Lynx sightings growing in northern Minnesota

Posted: Saturday, March 08, 2003

MINNEAPOLIS (AP) -- A rare lynx is making a comeback in Minnesota.

Sightings of the Canada lynx -- with its tufted ears, wide, furry paws and black-tipped stubby tail -- are growing in Minnesota after three decades of spotty attendance.

In the past two years, Department of Natural Resources have received about 140 sightings of lynxes. That's after the DNR determined in 1996 that the lynx no longer appeared to be a permanent resident of Minnesota.

"We've got confirmed lynx all the way from Red Lake to beyond Grand Marais," said Ed Lindquist, wildlife biologist for the Superior National Forest. "It's real likely that they're breeding and reproducing in Minnesota."

Lindquist works with a team that has searched for lynx tracks in fresh snow, then followed them to collect samples of hair and feces. Analysis of DNA in the samples indicates that more than two dozen lynxes are prowling the Superior National Forest, he said.

Rich Baker, the DNR's endangered species coordinator, said no one knows how many lynxes are living in the state or why they seem to have returned so suddenly.

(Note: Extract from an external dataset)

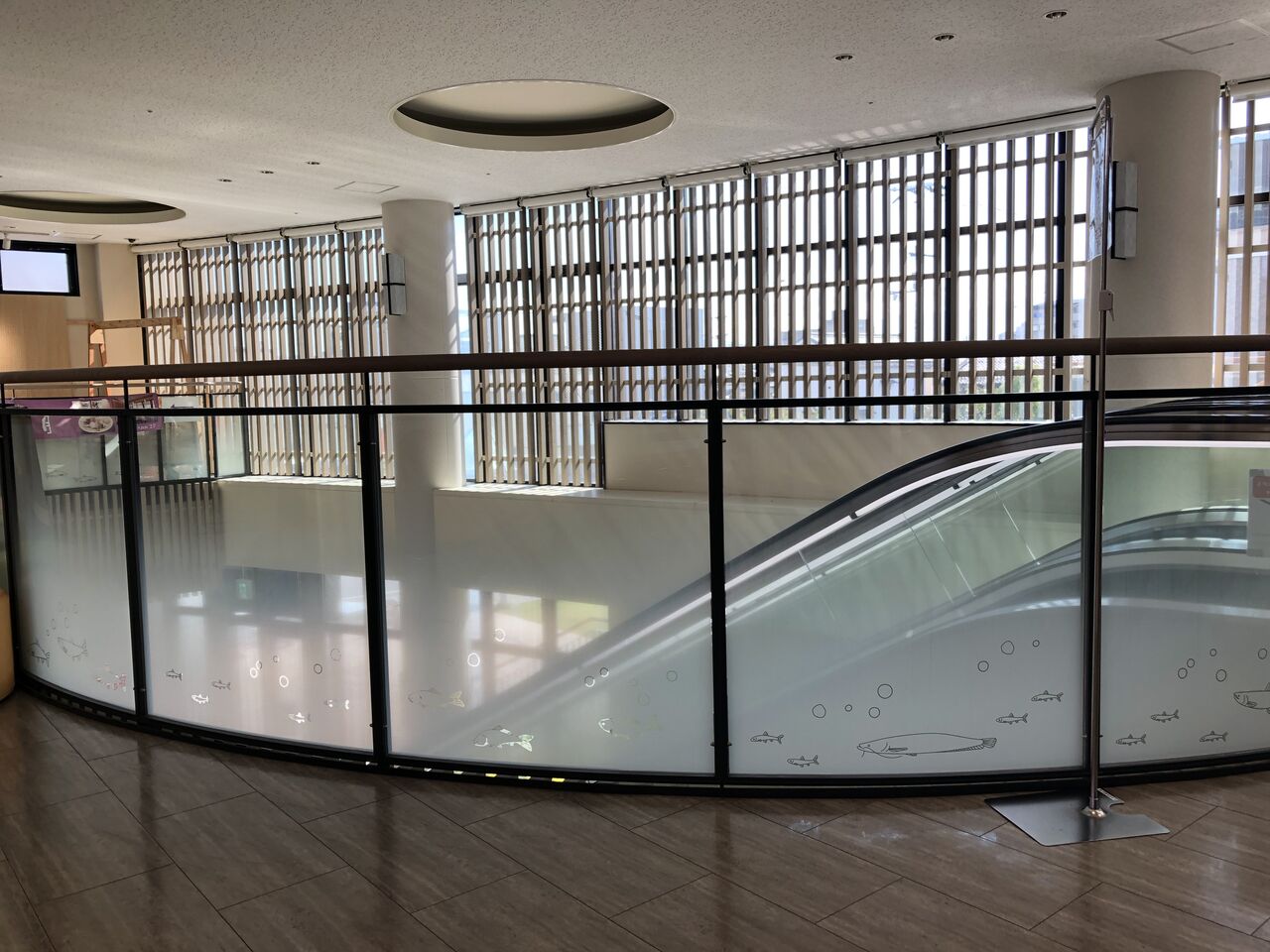 ガラス手摺に貼られているフィルムが魚になっていて・・・

One factor could be the increased population of snowshoe hares -- the lynx's favorite prey.

Before the 1970s, lynx numbers in Minnesota appeared to rise and fall with the snowshoe hare cycle. The state did not count lynxes but allowed a trapping season and recorded each year's harvest. The trapping records indicate peaks in 1940, 1952, 1963 and 1973.

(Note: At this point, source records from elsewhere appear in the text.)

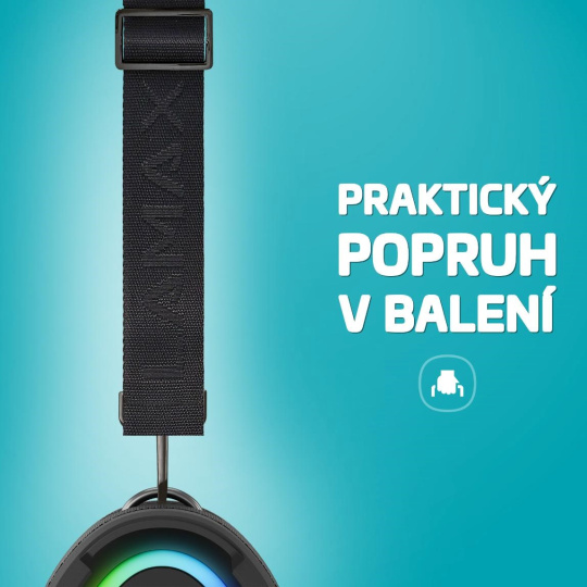 Je jedno, či máš playlist na párty na jednom zariadení a obľúbený podcasty na inom, cez najmodernejšie Bluetooth 5.3 sa reprák automaticky spáruje s akýmkoľvek zariadením a frčí až na vzdialenosť 15 metrov. Trápiť ťa nemusia ani formáty, táto mašinka podporuje MP3, WAV, FLAC a široká je aj škála podporovaných pripojení - Micro SD, USB-A, 3,5 mm AUX. Parádnou záležitosťou je tiež možnosť naladenia FM rádia napríklad pre prípady, keď si zabudneš vlastnú muziku. A keďže každá udalosť si žiada správnu atmošku, máš na výber z 5 nastaviteľných LED efektov.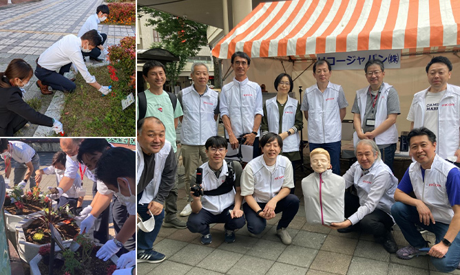地域の皆さまと一緒になってボランティア活動に参加しています。例えば、定期的な清掃活動や花壇の手入れ、緑化活動、フードバンクへの寄付等、地域とともに歩む事業所として地域社会に貢献しています。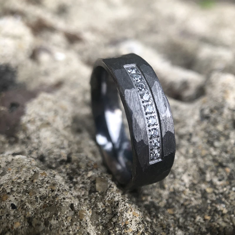 Natural Grey 8mm Custom Handmade Hammered Pure Tantalum Rings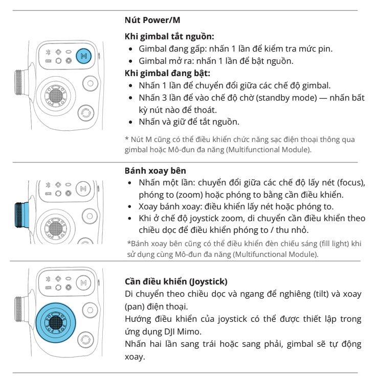 Đèn chế độ ổn định của gimbal sáng liên tục cho biết gimbal đang thực hiện việc ổn định điện thoại. Nếu đèn không sáng sau khi bạn gắn điện thoại, hãy nhấn nút M để kích hoạt chế độ ổn định.

But the pattern changed in the early 1980s. Even though the snowshoe hare population peaked again, lynx numbers remained low. The DNR closed the lynx trapping season after 1983, and lynxes remained scarce during the 1990s.

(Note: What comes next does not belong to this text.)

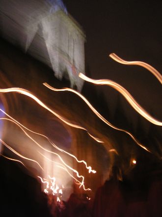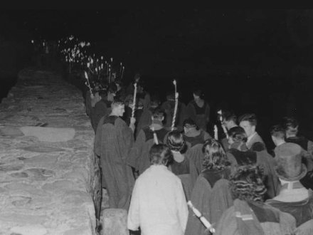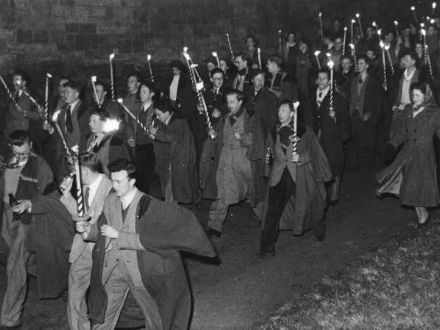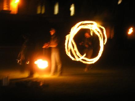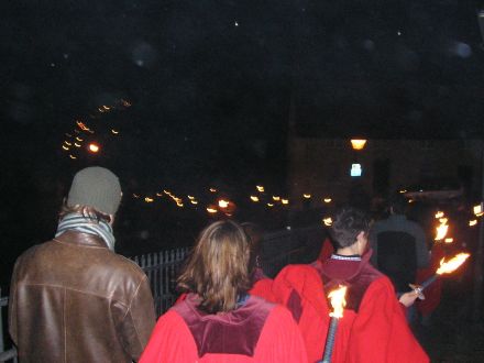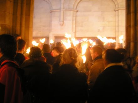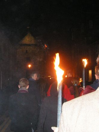 With nightfall came the traditional torchlit procession. Everyone gathered in the cloister of St. Salvator’s Quad where torches were distributed and some rather keen fire-people did very strange things with fiery objects, as can be seen in the above photograph.

Trapping will not be a factor in the foreseeable future in the United States. The lynx received federal protection after being listed as a threatened species under the national Endangered Species Act in March 2000. While the cats have returned to Minnesota and Maine wildlife biologists are concerned that their range and populations have declined overall, especially in western mountain states.

Chris Burdette, a researcher for the Natural Resources Research Institute in Duluth, said little is known about the lynx. "We have a federal species listed as threatened, and we hardly know anything about it, especially in this part of the U.S.," he said.

Burdette is beginning a three-year study to put radio collars on lynxes. He hopes to track their movements, learn where they live and hunt, and determine whether they will stay in Minnesota after snowshoe hare populations crash. "If these lynx are dispersing to Minnesota from Canada and they all die or starve when there are no snowshoe hares to eat, we need to know that," he said.